SPECIFICALLY PLACE AUDIO
SG: “Location of sound sources in the world needs to be accurate. This means using more emitters in multiple locations. For the vast majority of sounds in a scene, you can’t just emit them from the root of an object.
“Respecting head tracking is very important. Sounds should move correctly in the world. Much audio that previously might have been piped in stereo will benefit from being positioned correctly in the world. You might treat almost all the elements of an ambience as positional sources. It really helps place the player in that space; they can move around, lean in, turn their head, and what they hear makes sense in the virtual world.
“If you’re using any sort of dynamic obstruction or reverbs, you need to have a good relationship with the environment creators on the project. You also need tools which allow physics authoring that works for audio. We’ve often found that ‘accurate’ physics doesn’t always give the best results from a design perspective — you need to find what works for your audio design.”
MAKE AUDIO REACTIVE
SG: “It’s crucial the player feedback you provide with audio is believable, especially with object interactions.
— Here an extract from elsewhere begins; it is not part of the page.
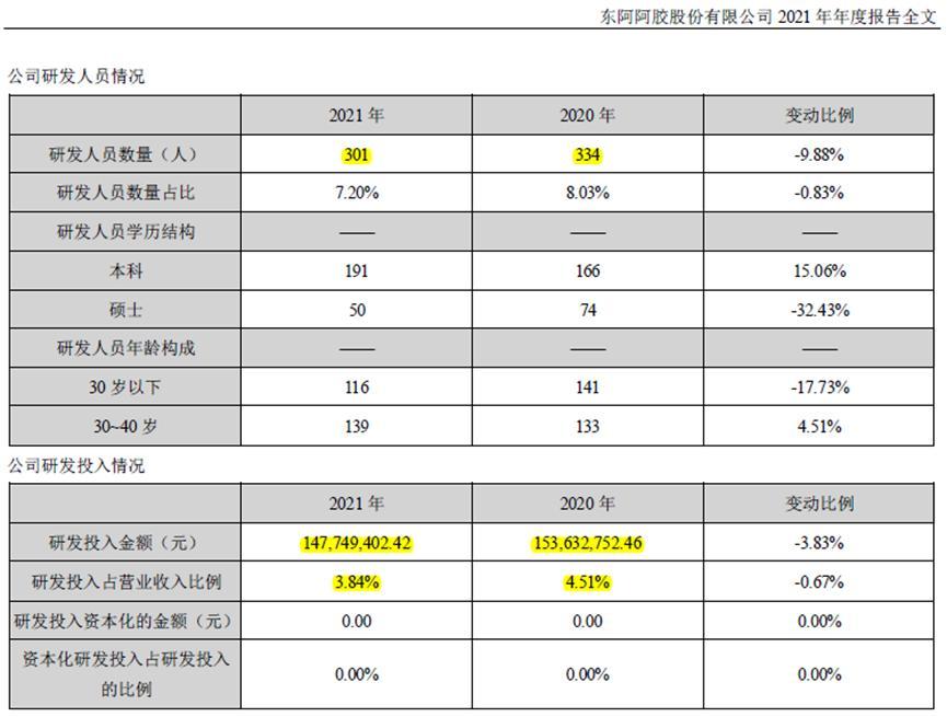 但研发人员的减少是客观存在的。根据东阿阿胶2021年年报显示,公司研发人员总数、硕士人员、30岁以下人员分别减少了9.88%、32.43%和17.73%。

Design sounds for these interactions in a way that reacts believably to any player input. It really helps to be able to easily get player parameter values like speed, acceleration, rotation and angular velocity from any player input at any time so you can design reactive blend containers.
“Another key aspect of placing sounds is distance modelling – 3D audio systems don’t give you this ‘out of the box’ – you need to design it. Volume and basic filtering over distance is a great starting point and still works in VR. But there are some extras that really help sell distance. For example – dynamically driving the send levels to reverbs over distance. This works for simulating proximity as well. You can exaggerate certain properties at very short distances and drastically reduce the reverb send level to emulate very close sounds.”
DYNAMIC MIXING
SG: “With high fidelity azimuth and elevation, plus a 360-degree sound field, 3D audio systems give you more space in the mix. You need to move most of the run-time mixing controls out of the bus structure and into your sound object hierarchy. By using lots of side-chaining, meters, states and ducking to dynamically drive different sound objects, you can still create dynamic and reactive mixes.
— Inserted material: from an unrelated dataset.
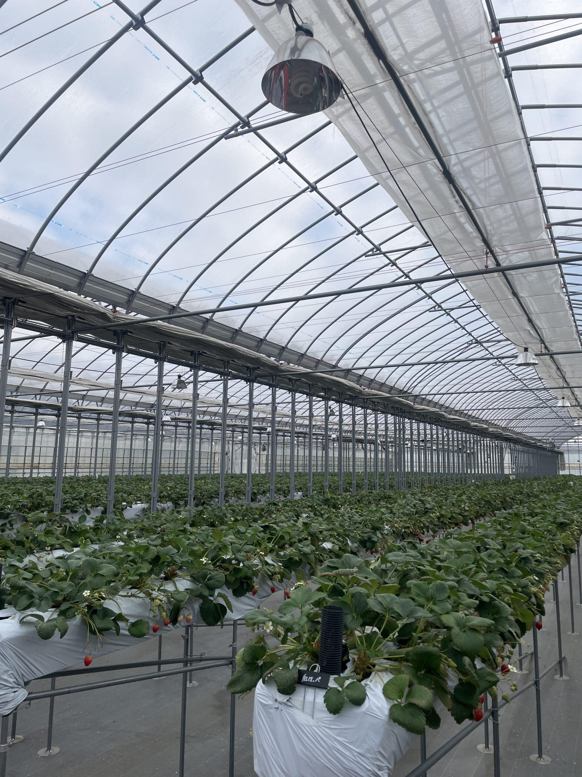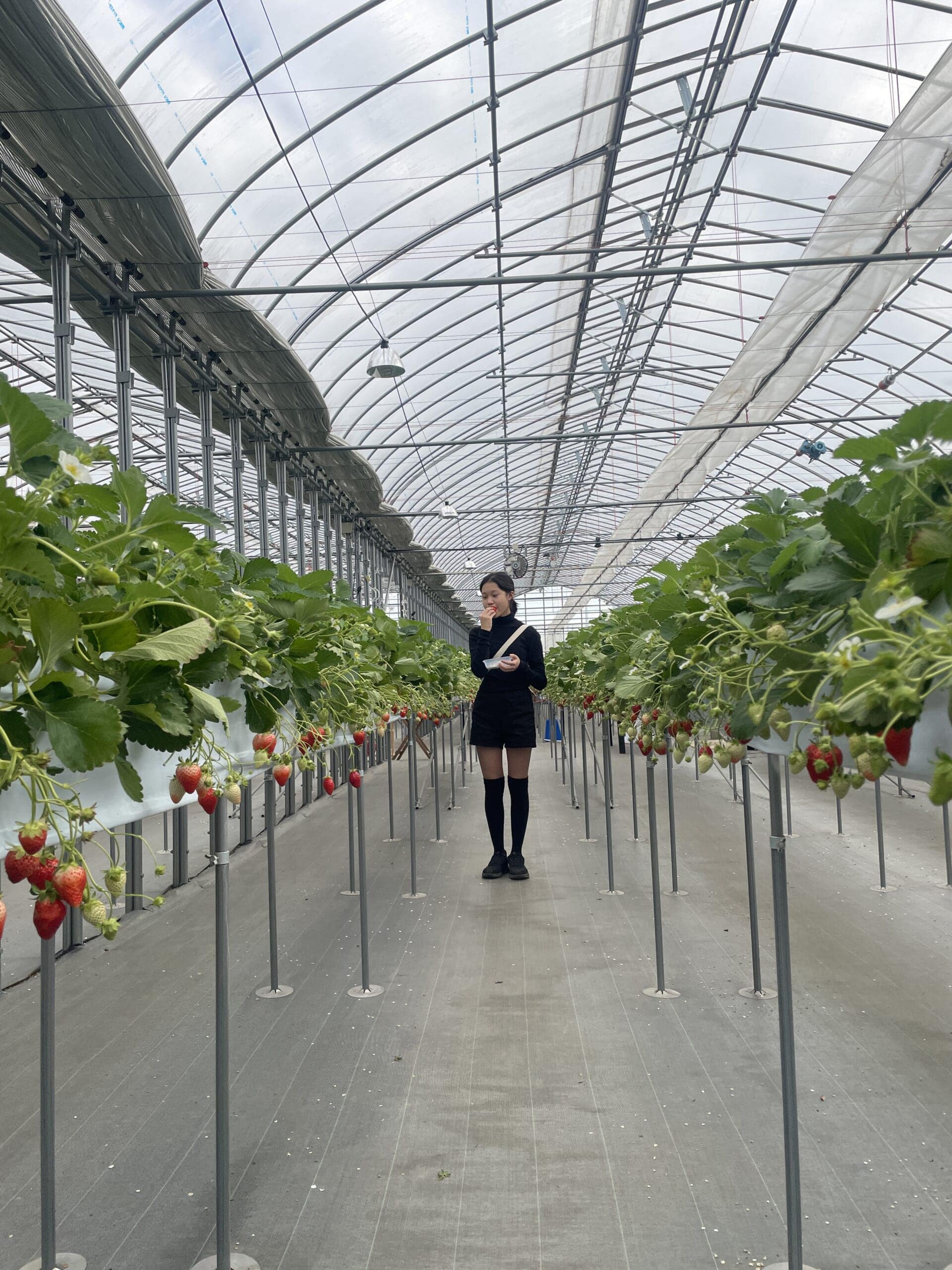 星空いちご園はとてもきれいで、いちごも腰を曲げずに取ることができます。

“However, too much ducking quickly becomes obvious and can pull the player out. The trick is lots of side-chaining in small amounts. Where dialogue needs to be heard in a busy scene, having the dialogue a little louder is better than ducking other elements too aggressively.
“You also have the ability to influence the player’s focus, which can be really powerful. Thinking back to tracking player input parameters — you know exactly where the player is looking in the scene, so you can use that data to manipulate the audio focus of the scene, enhancing specific elements whilst suppressing others. “Decide on the focus and be aware of your ability to grab the player’s attention, particularly with respect to how new elements enter the soundscape.
“Mixing audio in VR is probably the biggest departure from our old workflows. This is primarily because 3D audio systems change the end point of our signal chain. With channels and busses, the end point is way down at the master fader, but in 3D audio systems, the end point is at each audio ‘object’.
“This has some implications for how you construct and sculpt what the player ultimately hears. Concepts like summing and buss processing don’t make sense in an object-based system. You can’t stick a multiband-compressor or EQ or tape saturation on the master fader any more — not only because you need to maintain the individual object signals — but you would also end up wrecking any ILD and HRTF filter cues.
“This means effects processing must be done at the object level which, depending on the number of objects you have, likely means an increase in real-time DSP. It also means group processing is more difficult — for example you can’t run all your vehicle sounds through a single compressor on a buss.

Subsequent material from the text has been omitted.